Originally published by Harvard Health.
What Is It?
Thyroidectomy is the surgical removal of part or all of the thyroid gland. This important gland, located in the lower front portion of the neck, produces thyroid hormone, which regulates the body’s production of energy. A healthy thyroid gland is shaped like a butterfly, with right and left lobes connected by a bridge called the thyroid isthmus. Depending on the reason for a thyroidectomy, all or part of the thyroid gland will be removed. The various types of thyroidectomy include:
- Partial thyroid lobectomy (a rare procedure) — Only part of one thyroid lobe is removed.
- Thyroid lobectomy — All of one thyroid lobe is removed.
- Thyroid lobectomy with isthmusectomy — All of one thyroid lobe is removed, together with the section between the two lobes (called the thyroid isthmus).
- Subtotal thyroidectomy — One thyroid lobe, the isthmus and part of the second lobe are removed.
- Total thyroidectomy — The entire thyroid gland is removed.
A thyroidectomy may be performed by using a conventional surgical approach or a newer endoscopic method done through very small incisions.
What It’s Used For
Conventional thyroidectomy is done for the following reasons:
- To remove malignant (cancerous) thyroid tumors
- To treat thyroid storm, a condition in which an overactive thyroid gland produces extremely high levels of thyroid hormone that cannot be easily controlled
- To remove all or part of a goiter (an enlarged thyroid gland) that is pressing on neighboring structures in the neck, especially if this pressure interferes with swallowing or breathing
- To remove and evaluate a thyroid nodule that on biopsy has had repeated “indeterminate” readings
In some people, as an alternative to a conventional thyroidectomy, an endoscopic thyroidectomy can be done to remove small thyroid cysts or small benign thyroid nodules (less than 4 centimeters, or about 1 ½ inches). Endoscopic thyroidectomy is not used to treat multiple thyroid nodules, thyroid cancer or thyroid storm.
Preparation
About one week before surgery, you will be told to stop taking aspirin and other blood-thinning medications. To reduce the risk of vomiting during surgery, you will be told not to eat or drink anything after midnight the night before surgery. As part of the general preparations for surgery, your doctor will review your allergies and your medical and surgical histories. If you may be pregnant, you must tell your doctor before surgery. Because you will be having a procedure that involves an area above your shoulders, you will be asked to remove all necklaces and earrings before you are taken to the operating room.
How It’s Done
Both types of thyroidectomy are usually done under general anesthesia. However, if general anesthesia is too risky for a patient, local or regional anesthesia may be used to permit the patient to remain awake during the procedure. An intravenous (IV) line will be inserted into one of your veins to deliver fluids and medications.

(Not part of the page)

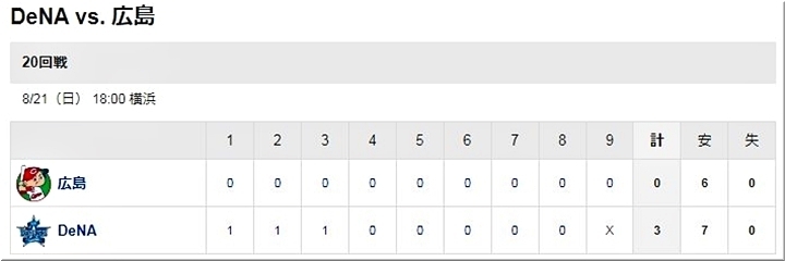 DeNAは初回、楠本のソロで幸先良く1点を先制する。続く2回裏に京山のソロ、3回には牧のソロが飛び出し、リードを広げた。投げては、先発・京山が7回途中無失点。その後は3投手の継投で完封リレーを展開し、京山は今季2勝目を挙げた。

- Conventional thyroidectomy — In a conventional thyroidectomy, a 3- to 4-inch incision will be made through the skin in the low collar area of your neck (the lower front portion of your neck, above the collarbones and breast bone). Next, a vertical cut will be made through the strap-like muscles located just below the skin, and these muscles will be spread aside to reveal the thyroid gland and other deeper structures. Then, all or part of your thyroid gland will be cut free from surrounding tissues and removed. During the entire procedure, the surgeon will pay attention to the location of the parathyroid glands (two pairs of small glands located near the thyroid). The surgeon will focus on preserving them, if possible. After your thyroid gland is removed, one or two stitches will be used to bring your neck muscles together again. Then the deeper layer of your incision will be closed with stitches, and your skin will be closed with sterile paper tapes. A small suction catheter (tube) will be inserted near the area of your incision to drain any blood accumulated inside your neck. Following surgery, you will be taken to a recovery room, where you will be monitored for several hours until you are stable enough to return to your hospital room. After about 24 hours, the suction catheter will be removed from your neck. Most patients go home one or two days after the surgery.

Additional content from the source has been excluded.